Всё это, познаваемо-непознаваемое, читаное-непрочитанное, – ныне проходит, проживает и умирает мимо человека. Человека – играющего и алчущего. Человека, погрязшего в нищете и в излишестве. Бедность и Роскошь – сёстры. Сёстры-близнецы, раздирающие книгу жизни на две половины – по обложкам: передняя достаётся роскоши, задняя – бедности. Человек назвал себя гордо человечеством, которое незаметно для себя переименовал в цивилизацию. Цивилизацию, производящую утюги и оружие. Homo. Humanis. Гуманизм.
Гуманный. Гуманитарный. Т. е. – человеческий и человечный. Гуманитарная сфера человечества – мизерна. Россия, обнюхавшись нефти и природного газа, решила присоединиться к Европе и остальному миру («гуманному», см. «Декларацию прав человека», то бишь дельца: США ещё в 1950-х годах [да и ныне] не считали [и не – ют] цветных за людей; сегрегация, Чайна-Таун, Гарлем, Бруклин etc.), – присоединиться, нанюхавшись халявы, к цивилизованному миру, вытаптывая гуманитарную сферу (ядерную! центральную! сердцевинную! сердечную!) культуры, науки, образования, медицины и проч. Филология – основа всех наук, т. к. любая наука – это Слово, а филология – наука о Слове. О том Слове, которое было в начале, будет в конце и после конца. Которое было, есть и будет всегда.

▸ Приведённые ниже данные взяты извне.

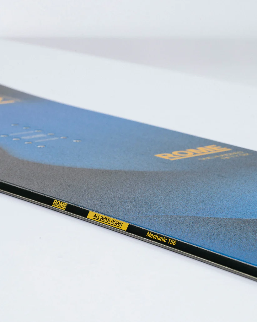 The Rome Mechanic Snowboard is all-new for 25/26 and ready to deliver progression and fun from your first drop-in to your last run. With a mellow flex, True Twin shape and Twin Diamond 3D profile, this board feels effortless and forgiving. Whether you're picking sidehits, linking turns or just building confidence on the mountain, the Mechanic lets you ride with ease and style.
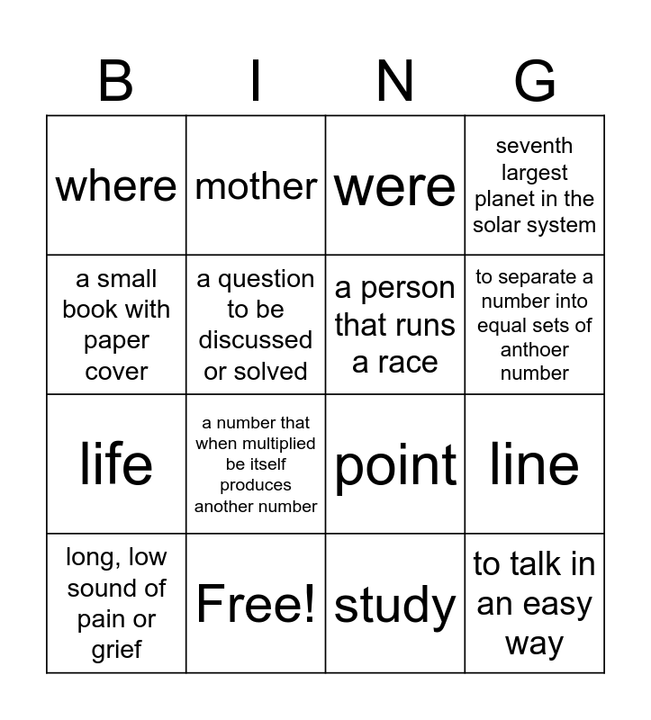 This bingo card has 16 words: Free!, line, were, where, life, mother, point, study, a small book with paper cover, a question to be discussed or solved, long, low sound of pain or grief, seventh largest planet in the solar system, a number that when multiplied be itself produces another number, to separate a number into equal sets of anthoer number, a person that runs a race and to talk in an easy way.

Одичание, нелюбопытство, презрение к познанию (и к познаваемому), леность разума и души, когнитивное безумие и бездумье – вот черты, качества и свойства расчеловечивания. Рационально и прагматически (потребительски) обоснованное и добровольное слабоумие миллионов пользователей всего на свете уже не пугает, т. к. ты понимаешь: это уже иной свет, другая жизнь, проживающая не человека, его разум, сердце и душу, а – саму себя. Жизнь проживает жизнь. Всю. Без остатка. Что остаётся от неё? – Утюги и оружие, обращающиеся во прах. После такой жизни книг не остаётся. Памяти не остаётся. Традиции. А значит – культуры. Мы живём в посткультурном обществе.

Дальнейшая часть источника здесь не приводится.